Defaults can be saved using the Set Defaults button.
5. Adjust the photon count rate by changing the intensity of the diode laser at the laser
coupling unit (LCU) (Chapter 9.6) or, if you do not have an LCU, but rather a direct fiber
coupled laser, in a similar way at the laser scaffold with the intensity regulation knob.
Information on attenuation by modifying the laser current can be found in the manual on
the laser driver (PDL or SEPIA). Keep in mind that changing the laser intensity via the
laser current does alter the pulse shape of the laser.
6. Control the white light or MP laser intensity directly in LAS AF.
7. For adjustment use the peak count rate in the preview window in SymPhoTime, since the
average count rate does not give you information about the count rate in the brightest
parts of the image.
Regions of the image recorded with photon count rates above the limit (Table 21) can
lead to inaccurate fluorescence lifetimes being calculated.

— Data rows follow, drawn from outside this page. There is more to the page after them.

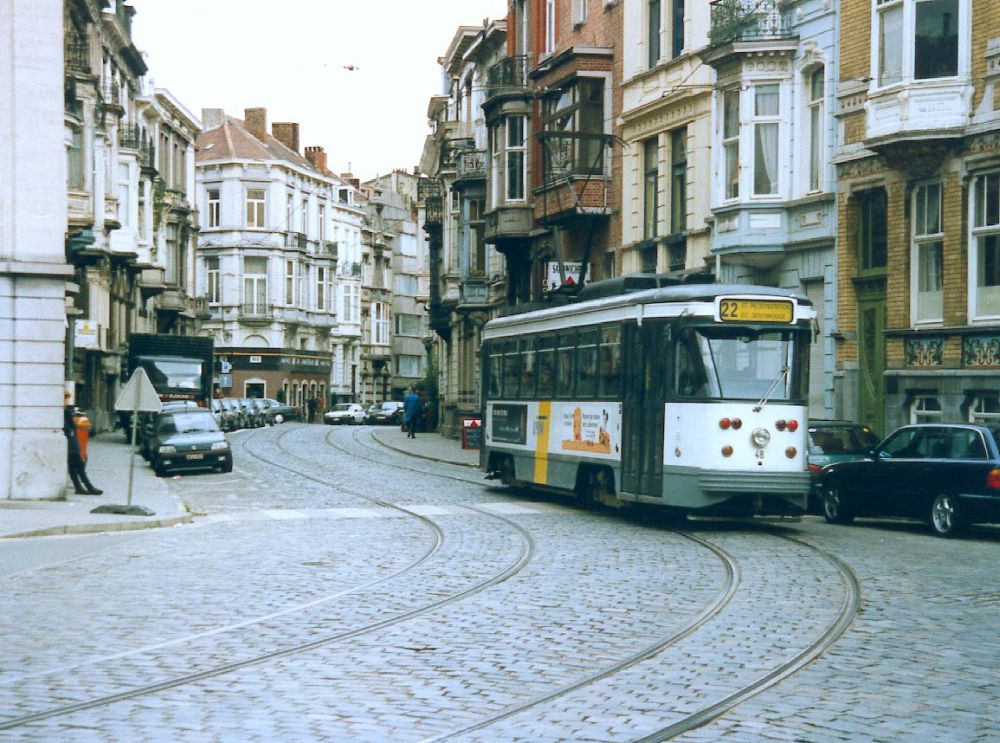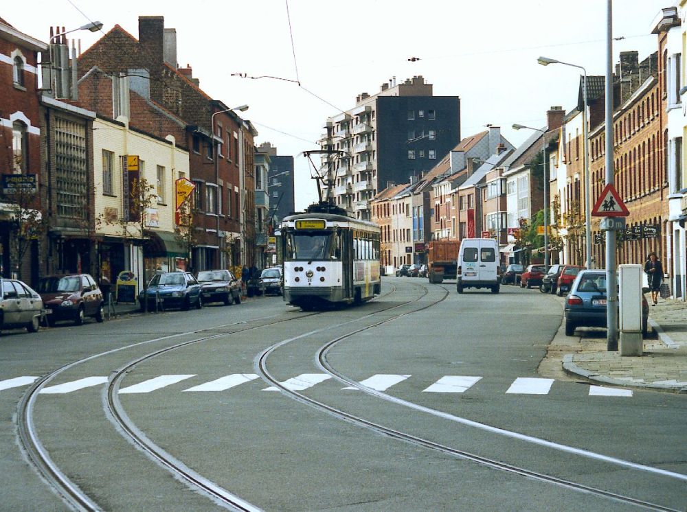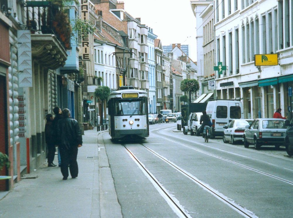 View along Cataloniestraat, tram turning out of St Niklaasstraat |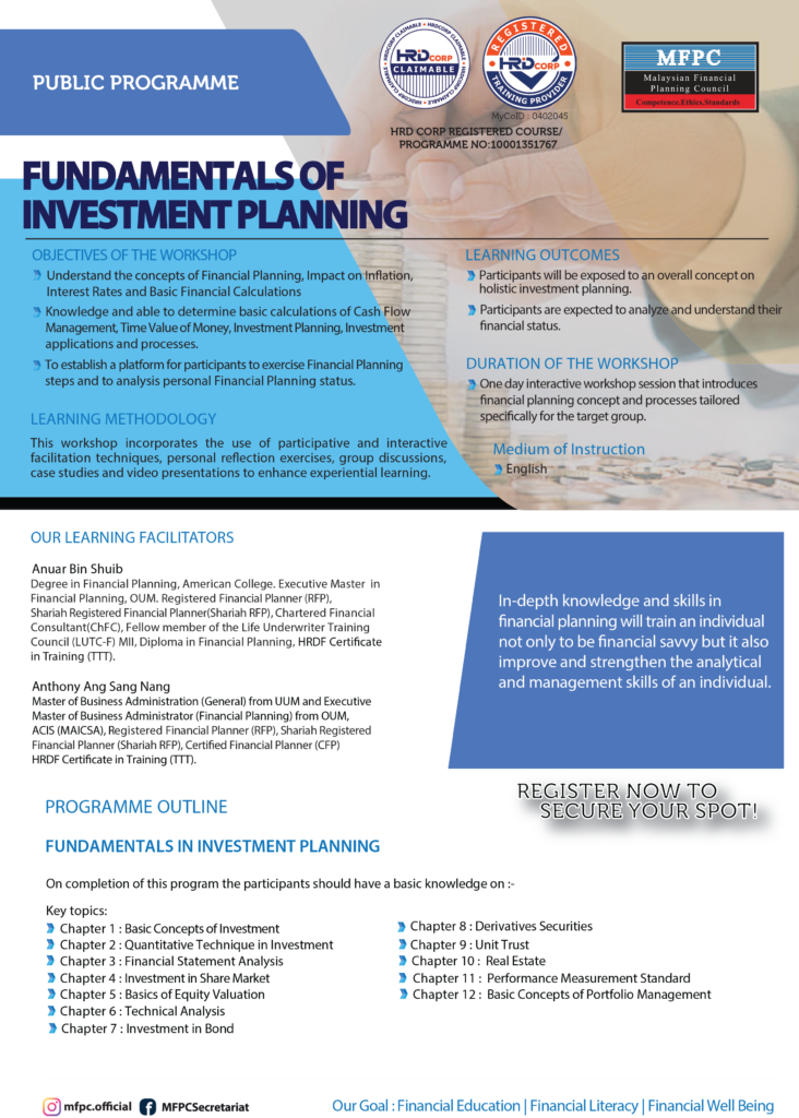 The HRDC Claimable Programme 2024: Fundamentals of Investment Planning is a workshop.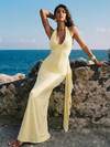 Nevyona 女士深V领紧身弹力收腰连衣裙,奶油黄色莲花连衣裙,性感、时尚、优雅,春夏连衣裙,立体花朵装饰,缎带设计,时尚优雅,适合日常穿着、婚礼、宴会、通勤、毕业派对、节日活动、度假等场合。
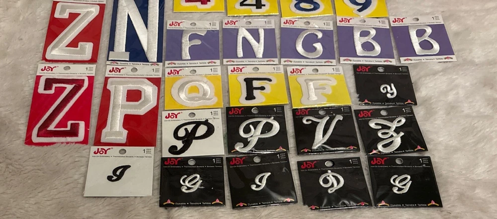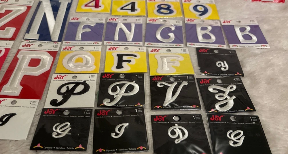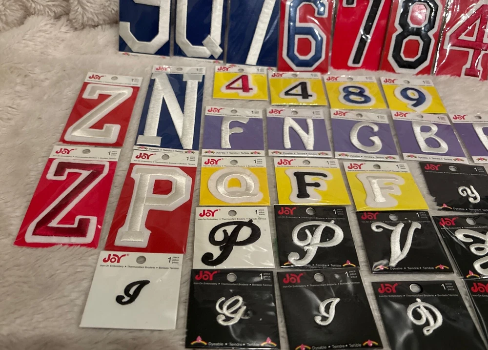 Enhance your sewing projects with the Joy Brand Embroidery Sew Iron On Appliqué set, featuring a versatile mix of 22 letters and 12 numbers. Perfect for personalizing accessories, bags, purses, jeans, pants, coats, and jackets, this variety lot is ideal for crafters and sewists looking to add a touch of custom flair to their creations. Each patch in this mixed lot is carefully embroidered, ensuring a high-quality and durable addition to your fabric. Proudly made in China, these appliqués are easy to apply with their iron-on design, making them a practical choice for both beginners and seasoned enthusiasts. Large to small.. cursive to numbers mixed lot

8. To attain the shortest possible FLIM data acquisition time, we recommend increasing the
photon count rate wherever possible to the TCSPC limit listed in Table 21. Of course, for
weak fluorescent specimens, this upper limit cannot be attained, even at maximum laser
power.
Using the Image tab in the Measurement Preview window in SymPhoTime, you can see a
preview of the FLIM image. The lifetime displayed in the image by the color code is
calculated by the mean arrival time of the fluorescence photons after the last laser pulse.
The image is updated almost once each second if the scanning speed exceeds one frame
per second. It will be slower at lower scanning frequencies.
9. Make sure that even in group measurements, these high count rates are not reached, as
otherwise the group measurement will stop.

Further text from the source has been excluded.